With new and often overwhelming responsibilities, the need to shift priorities and redefine personal balance can make the transition into working parenthood really difficult.

With new and often overwhelming responsibilities, the need to shift priorities and redefine personal balance can make the transition into working parenthood really difficult. Often, employees who are at this life stage have the most institutional knowledge, and thus are of high value to their organization, so retention becomes paramount.
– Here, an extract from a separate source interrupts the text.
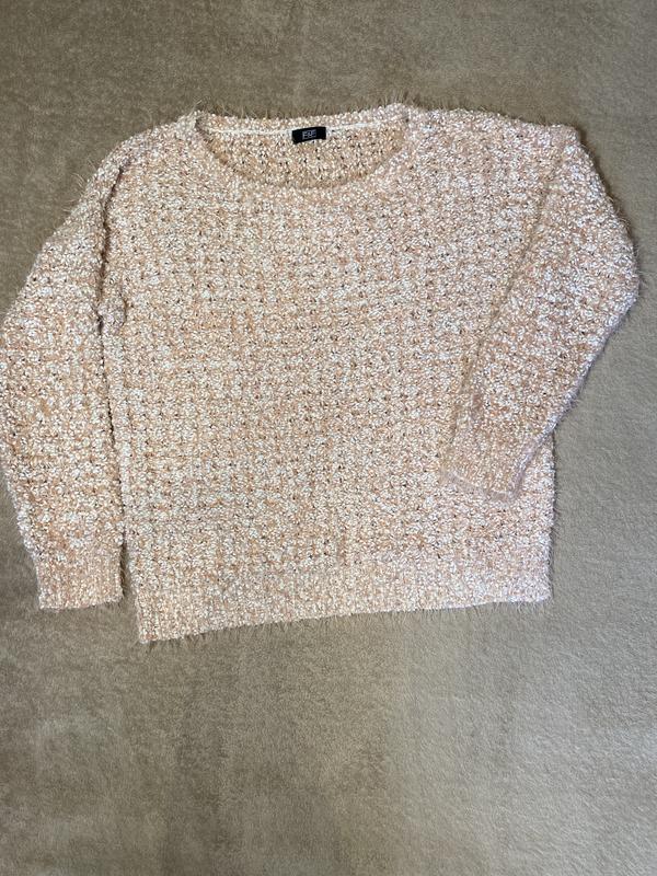 Светр великої в'язки Біло-рожевий Бренду F&F Розмір L-Xl Тягнеться ПОГ58 Довжина рукава 50 Довжина від коміра 61

When you are faced with the need to find a different balance between your home life and work life, suggest a plan for how you can meet your needs while still meeting the needs of the company. For example, asking about a flexible work schedule, telecommuting options, job sharing possibilities, and technology to support flexibility (e.g., PDAs) can ease your transition. The truth is, if you can demonstrate mutually beneficial solutions, the firm builds loyalty and retains you and everyone wins. If you hear, “No, because we haven't done this before,” ask “Why not?” Be bold and take the risk so that you might hear “Yes,” even if on a trial basis.

Building a network at the office through a parent-pairing mentorship program or new parent support group can help substantially. If your office doesn't already have one, suggest starting one.

As employees are becoming parents, it's time for leadership in firms to flex parental instincts by being attentive, considerate, understanding, responsive, and asking, “Why not?” When companies become a valuable partner to their employees during this important time, they capitalize on a great opportunity to enhance their relationship with their employees, build loyalty, and help assure retention of their best people.

Lastly, it's important to note that the way employees and leaders handle these situations reflect profoundly on how companies value and treat their employees. It's not just the potential parents who are paying attention. This becomes an important part of the organizational culture.